Bulik Ireneusz W, Frisch Michael J, Vaccaro Patrick H
Department of Chemistry , Yale University , New Haven , Connecticut 06511 , United States.
Gaussian, Inc. , 340 Quinnipiac St. Bldg. 40 , Wallingford , Connecticut 06492 , United States.
J Chem Theory Comput. 2018 Mar 13;14(3):1554-1563. doi: 10.1021/acs.jctc.8b00016. Epub 2018 Mar 2.
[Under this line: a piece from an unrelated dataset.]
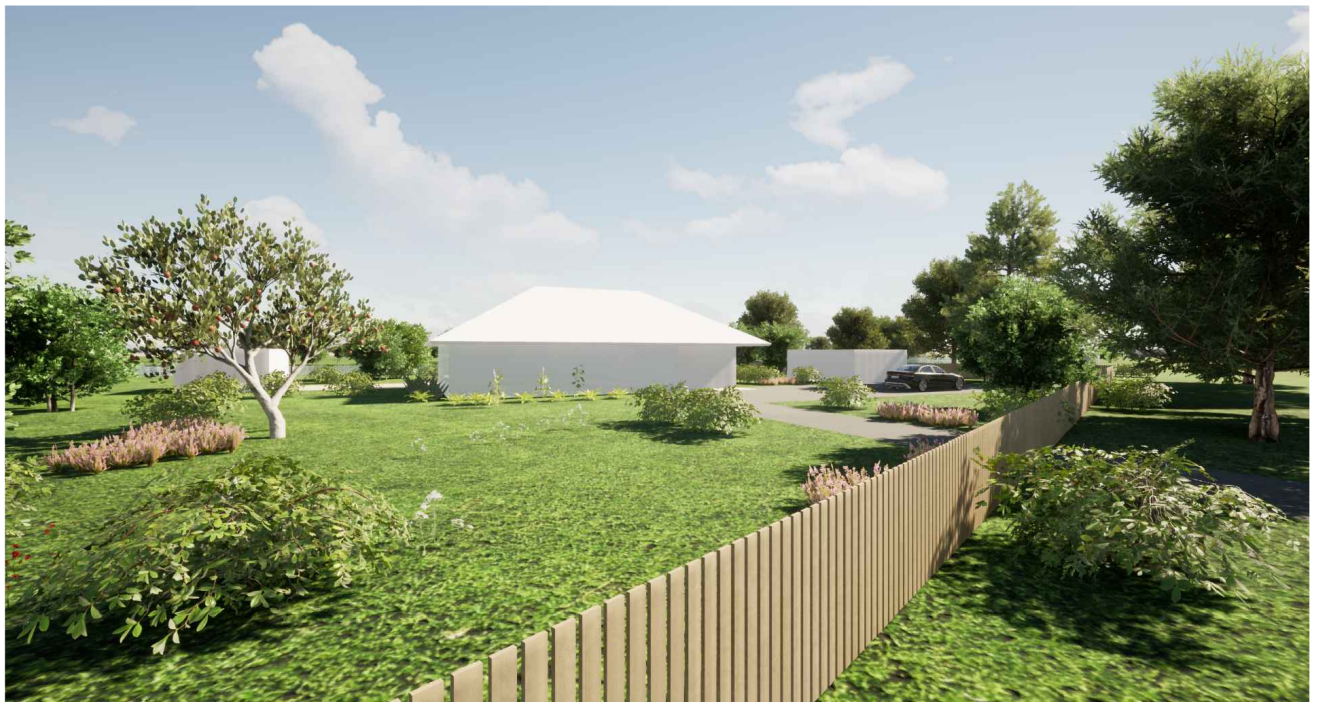
Pilt 2. Vaade planeeritavale kinnistule edelast.

We present a new approach to importance sampling in diffusion Monte-Carlo (DMC) simulations of vibrational excited states whereby the trial wave functions for low-energy states are incorporated into the diffusion equations so as to enforce their orthogonality. For the model systems examined here, simple variational wave functions based on the vibrational self-consistent field (VSCF) and the simplest vibrational configuration interaction (VCI) are effective in importance sampling provided that internal coordinates used in the underlying one-particle functions have been variationally optimized. The resulting model yields results comparable in accuracy to the best unguided DMC calculations without requiring an a priori choice of coordinates to specify nodal hyperplanes.
我们提出了一种在振动激发态的扩散蒙特卡罗(DMC)模拟中进行重要性抽样的新方法,即将低能态的试探波函数纳入扩散方程,以确保它们的正交性。对于此处研究的模型系统,基于振动自洽场(VSCF)和最简单的振动组态相互作用(VCI)的简单变分波函数在重要性抽样中是有效的,前提是基础单粒子函数中使用的内坐标已进行变分优化。由此产生的模型所得到的结果在精度上与最佳的无引导DMC计算相当,且无需事先选择坐标来指定节点超平面。